The VAPR, which provides information relating to the capability and development of Victoria’s electricity declared shared network (DSN), has identified key trends influencing power system resilience – that is, its ability to withstand, and recover from disturbances, such as fault on lines.
- Reducing system strength – which could lead to unstable power system operation;
- Reducing minimum demand – which can lead to high network voltages that exceed safe operating limits;
- Withdrawal of coal-fired generation – which requires careful planning of the grid to manage power system reliability; and
- Aging network – which can result in the need for increased maintenance of network infrastructure.
AEMO has investigated the impact of these trends and the VAPR outlines strategies for maintaining resilience as the power system transitions to a low-carbon future.
“AEMO has already begun implementing temporary operational measures to address some of these challenges in the short term, in particular, reducing minimum demand. However, it is imperative we address these challenges in a holistic, co-ordinated manner and with a long term focus, to ensure ongoing stability of the power system,” said AEMO Group Manager Forecasting and Planning Craig Price.
AEMO has recognised the need to increase the capacity of the transmission network in western Victoria to facilitate increasing levels of renewable generation being incentivised under the Victorian Government’s Victorian Renewable Energy Target (VRET).

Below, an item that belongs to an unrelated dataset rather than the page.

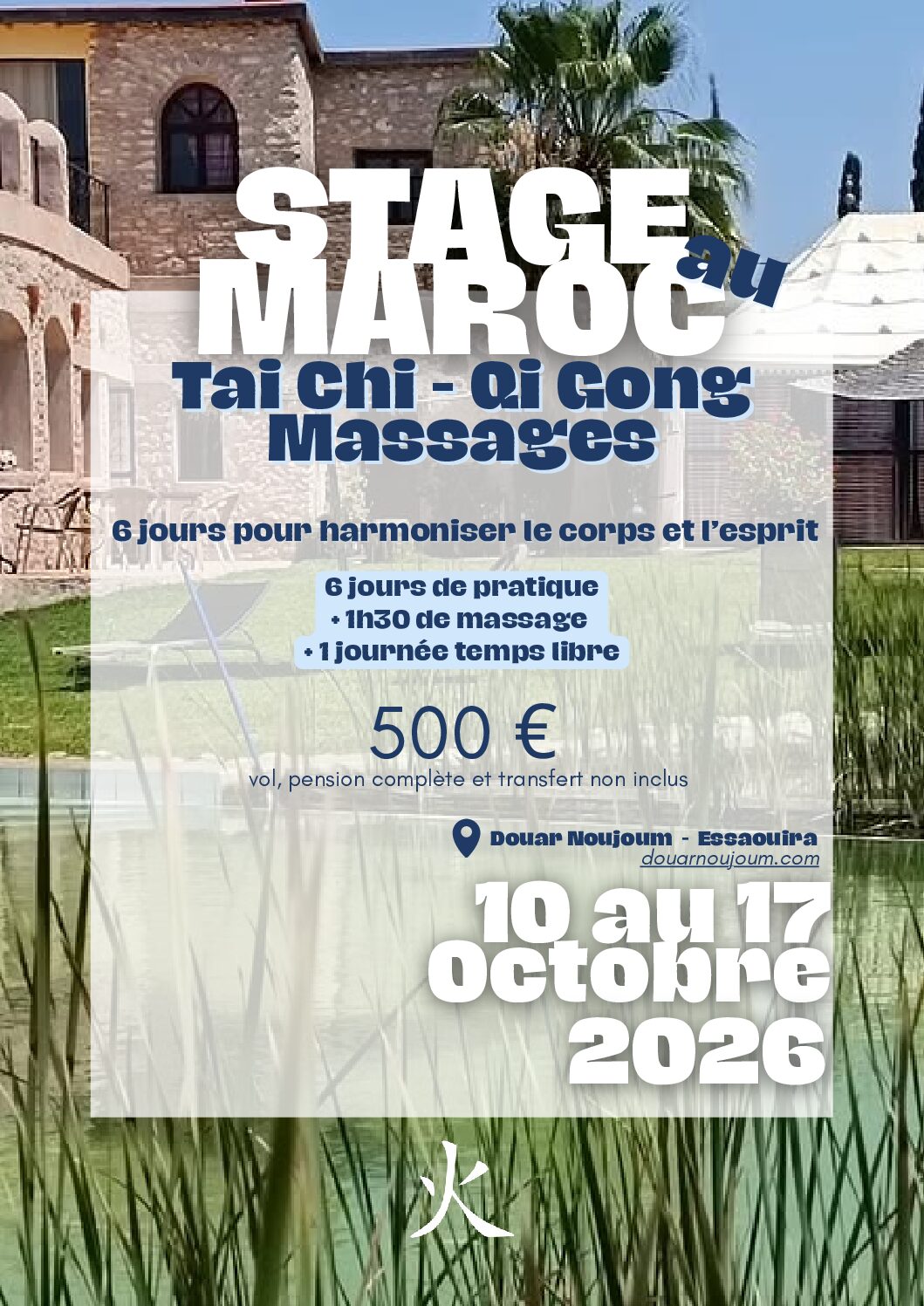 Au programme : Tai Chi & Qi Gong, relaxation profonde, découvertes, lâcher-prise… et un massage personnalisé de 1h30 réalisé par mes soins.

“The renewable generation capacity being considered under the VRET greatly exceeds current transmission network capacity, so in order to relieve congestion on the network and realise the full potential of the new generation, greater capacity must be built into the network,” said Mr Price.
AEMO has commenced a Regulatory Investment Test – Transmission (RIT-T) to identify the preferred option for increasing capacity in western Victoria. The first report of the RIT-T was published in April 2017.
Increase in interconnector capacity will also be required to enable the sharing of excess renewable generation between Victoria and other states in the National Electricity Market (NEM).
“This VAPR shows that increasing the capability of the existing Victoria – New South Wales interconnector may be economically justifiable. Increased interconnection would allow excess generation to be shared between Victoria and other jurisdictions.
“This emphasises that the planning approach to the NEM must be holistic – no element of the network can be considered in isolation of others,” said Mr Price.